→ **How to complete this task**:
Beginning with the line of the entries below that holds "6月30日(土)に行われる「" and ending with the line that holds "商品材质: 铁艺笔筒 圆形", transcribe each line exactly as written. Pictures stay out.

Data records:
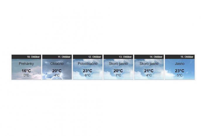 „Počas víkendu by na našom území malo zavládnuť prevažne slnečné počasie s maximálnymi teplotami od +16 do +23°C. V najteplejších lokalitách sa však teploty môžu šplhať až k +25°C,“ uvádza stránka imeteo.sk.
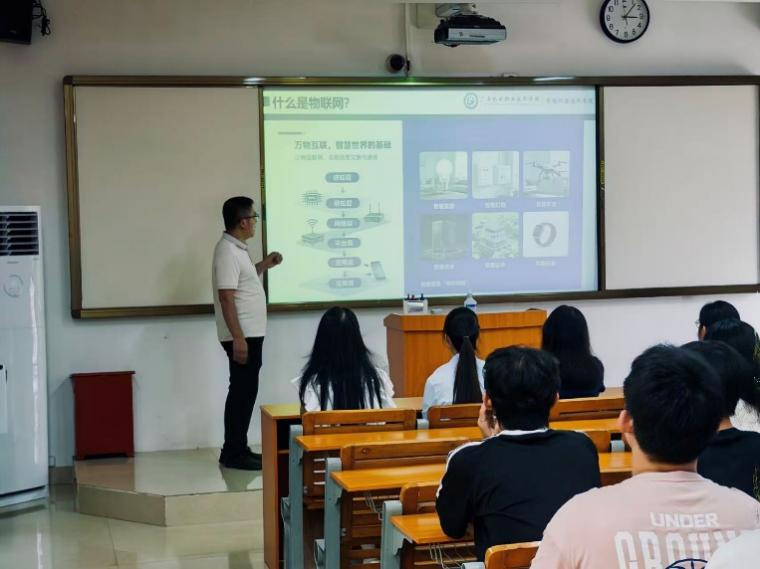 专业介绍环节,熊治文老师首先向新生说明:“物联网技术(视觉方向)专业是咱们学院新开设的专业,今天的介绍会就是要帮大家解开对新专业的疑问。”随后,围绕“什么是物联网”“什么是机器视觉”两大核心问题展开介绍,结合智能制造场景中的视觉检测、工业设备物联网技术应用等贴合学院以及工业生产环节中的实际案例,生动讲解专业核心内容,让新生明确新专业的定位和应用场景以及新专业“学什么”——既要掌握物联网信息交互、系统搭建等理论知识,又要重点学习机器视觉算法、检测设备操作等与行业需求紧密结合的关键技能。
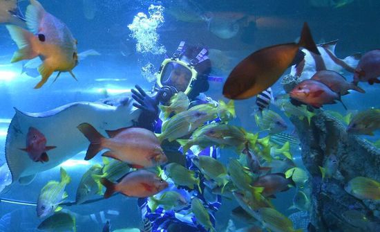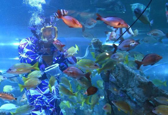 活动中,女性潜水员身穿华丽的夏季和服潜入水中为鱼群喂食。潜水员进入水族箱后,五颜六色的鱼儿环绕着她游来游去,鱼群与色彩鲜艳的夏季和服互相映衬,十分漂亮。
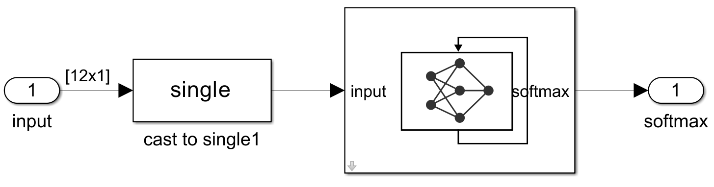 모델을 단일 신경망 블록으로 내보낼 수도 있습니다. 심층 신경망 디자이너에서 내보낼 형식을 단일 신경망 블록으로 선택합니다. 이 예제에서는 앱이 신경망을 Stateful Predict 블록으로 내보냅니다.
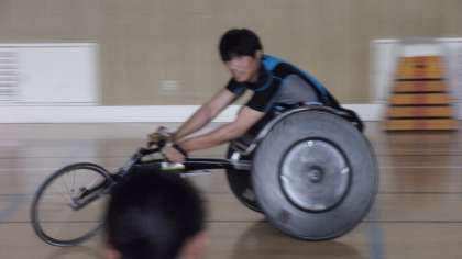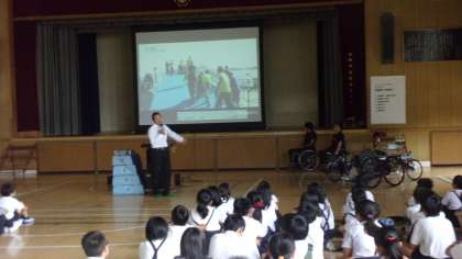 6月30日(土)に行われる「パラアスリートと遊ぼう」のプレ企画で、アスリートの二人に来てもらって、5・6年生にお話と実演をしてもらいました。
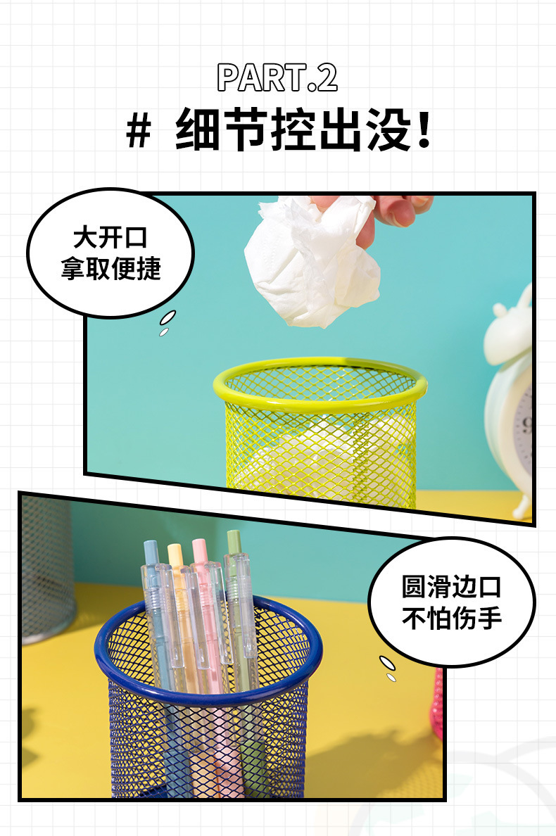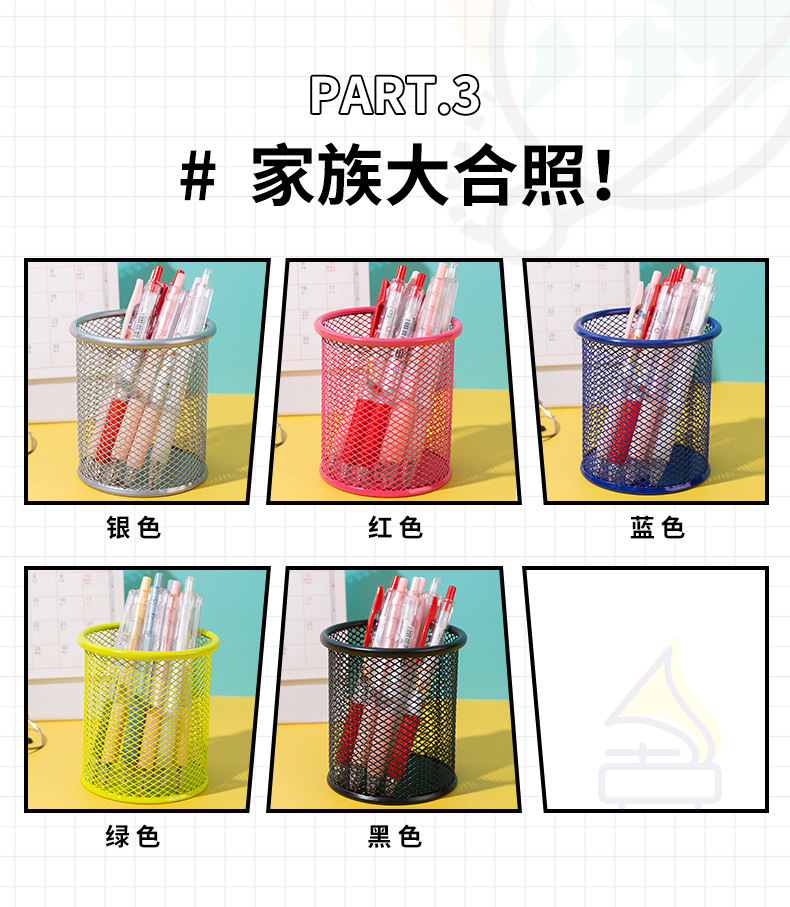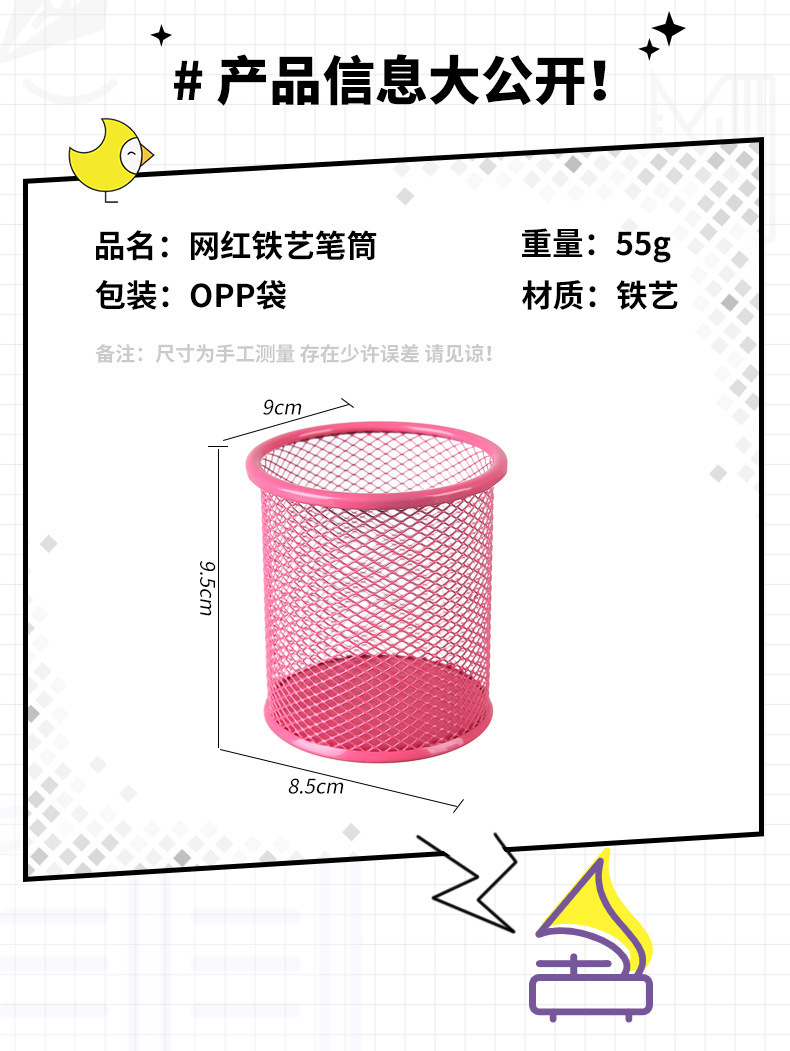 商品材质: 铁艺笔筒 圆形
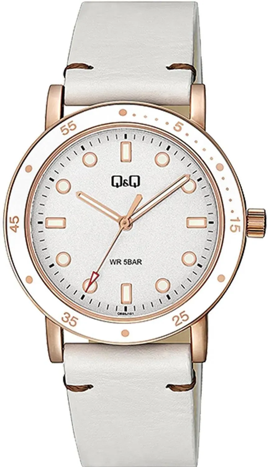 Женские наручные часы Q&Q Attractive Women QB85J101Y. Точный кварцевый механизм с аналоговой индикацией. Корпус изготовлен из высококачественной часовой латуни с высокими антикоррозийными свойствами. На стрелки и отметки нанесен светонакопительный состав, благодаря этому считывать информацию с циферблата возможно и в темноте. Ремешок изготовлен из кожи. Прочное, устойчивое к царапинам минеральное стекло защищает часы от повреждений.Часы являются водонепроницаемыми до 5 Бар. Цвет корпуса: Розовое золото. Цвет циферблата: Белый. Ширина (с заводной головкой): 38мм. Толщина: 8мм. Гарантия: 1 год.
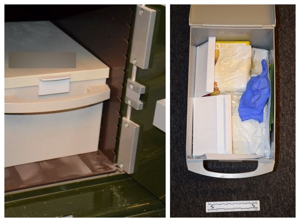Nadalje, u četvrtak 17. studenog 2022. godine, policijski službenici su sumnjajući da to nisu sva mjesta gdje skriva drogu, obavili i pretragu bankovnog sefa. Njihova sumnja potvrđena je s obzirom da je u sefu pronađeno 58 grama kokaina koji je bio pakiran u četiri paketa kao i novčani iznos od 87.400 eura za koji se sumnja da je pribavljen od preprodaje droge.

→ **Output of the exercise**:
 6月30日(土)に行われる「パラアスリートと遊ぼう」のプレ企画で、アスリートの二人に来てもらって、5・6年生にお話と実演をしてもらいました。
 商品材质: 铁艺笔筒 圆形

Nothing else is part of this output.